+++ Information given +++

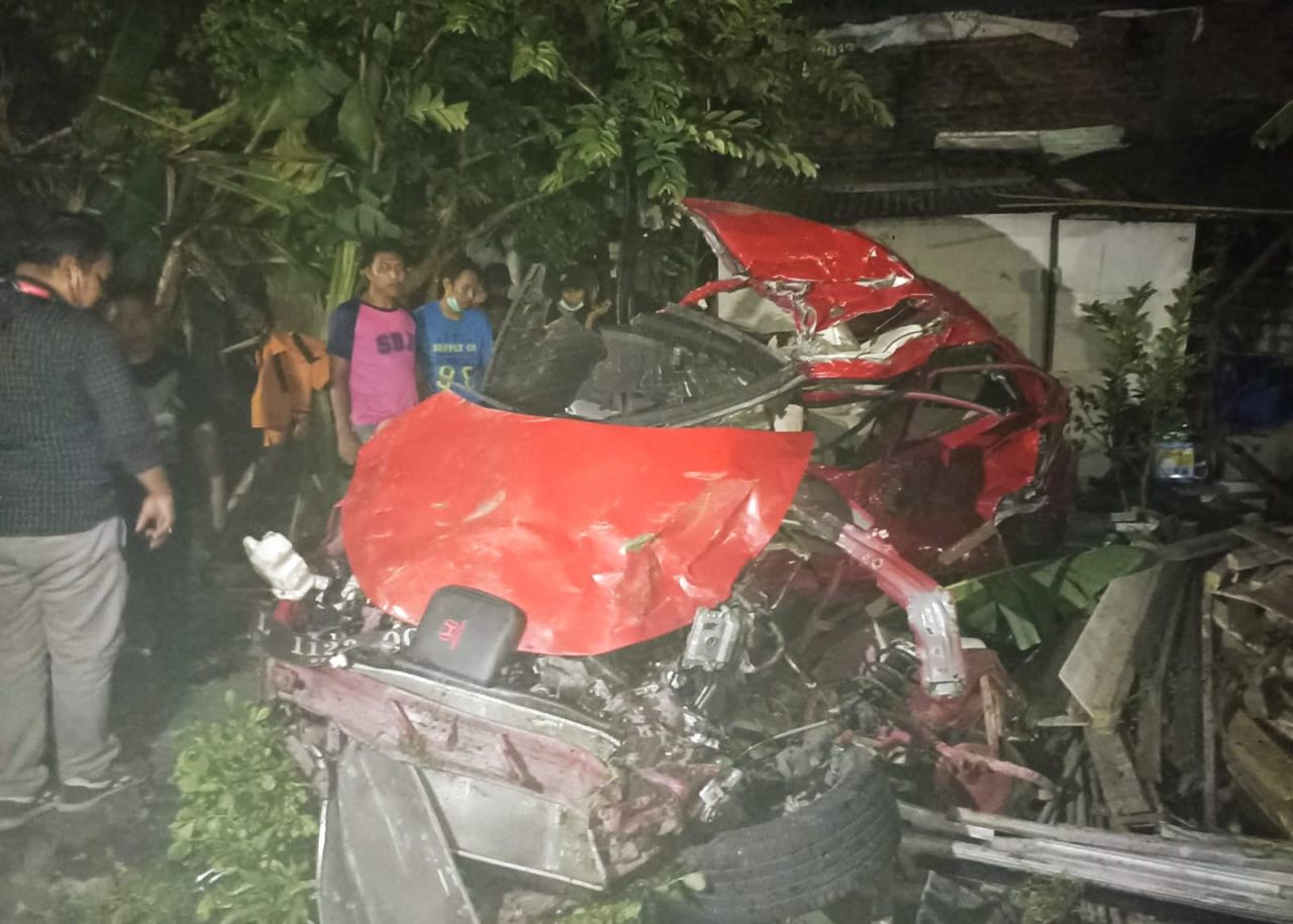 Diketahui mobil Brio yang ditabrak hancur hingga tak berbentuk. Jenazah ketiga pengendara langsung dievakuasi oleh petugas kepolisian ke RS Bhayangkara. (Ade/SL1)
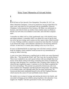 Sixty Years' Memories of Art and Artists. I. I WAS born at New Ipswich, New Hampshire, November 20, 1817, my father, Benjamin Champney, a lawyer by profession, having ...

+++
+++ Information given +++

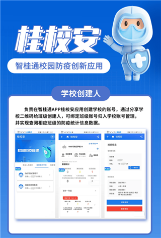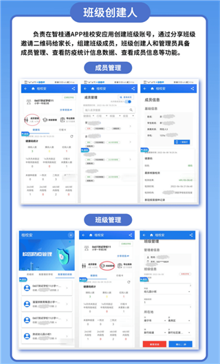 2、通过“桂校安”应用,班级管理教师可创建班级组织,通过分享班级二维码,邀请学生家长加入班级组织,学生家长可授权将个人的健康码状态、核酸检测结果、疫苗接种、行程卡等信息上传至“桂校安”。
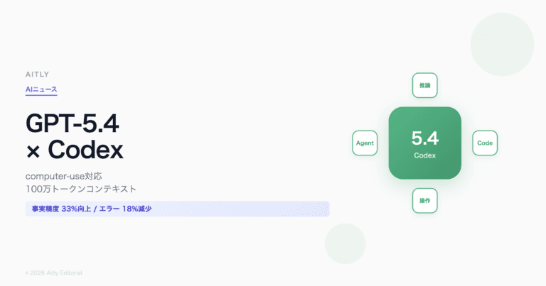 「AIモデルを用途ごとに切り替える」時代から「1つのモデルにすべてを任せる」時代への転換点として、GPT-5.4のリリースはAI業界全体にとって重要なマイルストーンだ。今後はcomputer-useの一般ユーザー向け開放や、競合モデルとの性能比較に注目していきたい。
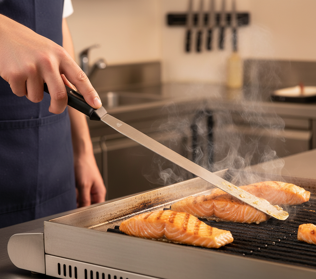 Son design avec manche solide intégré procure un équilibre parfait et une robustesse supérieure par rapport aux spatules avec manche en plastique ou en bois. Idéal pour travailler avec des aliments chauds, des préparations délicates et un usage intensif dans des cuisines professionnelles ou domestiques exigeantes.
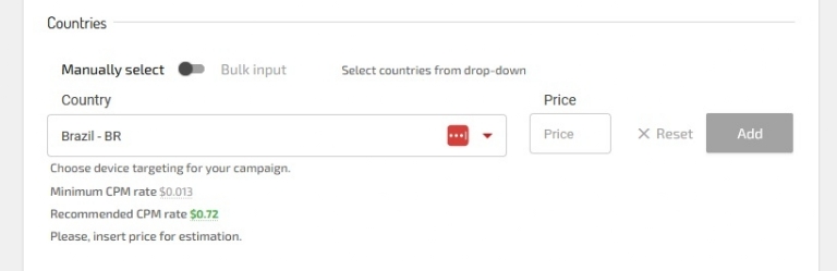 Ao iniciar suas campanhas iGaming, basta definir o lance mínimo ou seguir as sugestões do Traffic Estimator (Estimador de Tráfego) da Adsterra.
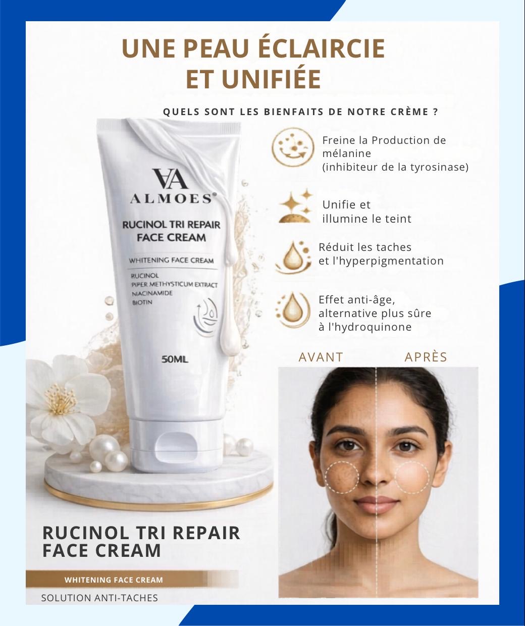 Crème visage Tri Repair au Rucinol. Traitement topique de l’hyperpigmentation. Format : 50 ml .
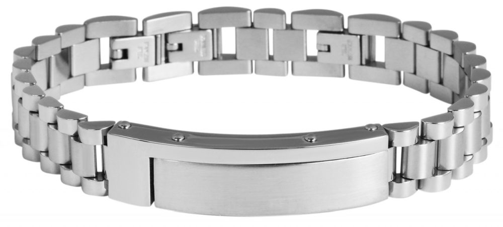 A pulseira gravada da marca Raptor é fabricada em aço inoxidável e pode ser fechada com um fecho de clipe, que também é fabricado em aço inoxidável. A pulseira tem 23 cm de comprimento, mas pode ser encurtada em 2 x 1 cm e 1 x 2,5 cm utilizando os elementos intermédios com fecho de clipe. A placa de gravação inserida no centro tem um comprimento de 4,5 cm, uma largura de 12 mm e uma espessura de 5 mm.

+++
+++ Information given +++

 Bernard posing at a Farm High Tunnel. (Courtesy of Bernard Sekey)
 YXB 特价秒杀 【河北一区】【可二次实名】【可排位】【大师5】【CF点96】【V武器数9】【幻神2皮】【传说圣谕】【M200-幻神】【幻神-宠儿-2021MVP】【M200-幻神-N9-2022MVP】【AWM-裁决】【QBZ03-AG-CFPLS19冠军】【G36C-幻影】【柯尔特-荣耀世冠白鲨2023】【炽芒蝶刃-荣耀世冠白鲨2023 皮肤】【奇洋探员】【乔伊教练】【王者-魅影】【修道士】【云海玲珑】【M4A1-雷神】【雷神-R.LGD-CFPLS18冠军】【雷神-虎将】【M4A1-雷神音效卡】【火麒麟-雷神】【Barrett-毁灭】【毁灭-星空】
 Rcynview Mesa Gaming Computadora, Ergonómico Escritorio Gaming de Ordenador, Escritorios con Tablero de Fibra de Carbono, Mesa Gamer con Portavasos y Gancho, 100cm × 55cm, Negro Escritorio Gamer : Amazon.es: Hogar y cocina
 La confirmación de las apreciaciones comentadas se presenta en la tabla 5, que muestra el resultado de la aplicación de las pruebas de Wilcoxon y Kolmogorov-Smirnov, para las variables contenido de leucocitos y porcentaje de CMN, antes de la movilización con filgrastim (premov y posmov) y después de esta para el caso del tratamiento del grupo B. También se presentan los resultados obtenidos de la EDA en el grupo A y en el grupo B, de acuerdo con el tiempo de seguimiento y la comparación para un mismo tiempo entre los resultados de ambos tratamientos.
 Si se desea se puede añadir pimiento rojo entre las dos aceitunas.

+++

For the string "entre", show each line of the listing where it appears.

Solution to the exercise ->
 La confirmación de las apreciaciones comentadas se presenta en la tabla 5, que muestra el resultado de la aplicación de las pruebas de Wilcoxon y Kolmogorov-Smirnov, para las variables contenido de leucocitos y porcentaje de CMN, antes de la movilización con filgrastim (premov y posmov) y después de esta para el caso del tratamiento del grupo B. También se presentan los resultados obtenidos de la EDA en el grupo A y en el grupo B, de acuerdo con el tiempo de seguimiento y la comparación para un mismo tiempo entre los resultados de ambos tratamientos.
 Si se desea se puede añadir pimiento rojo entre las dos aceitunas.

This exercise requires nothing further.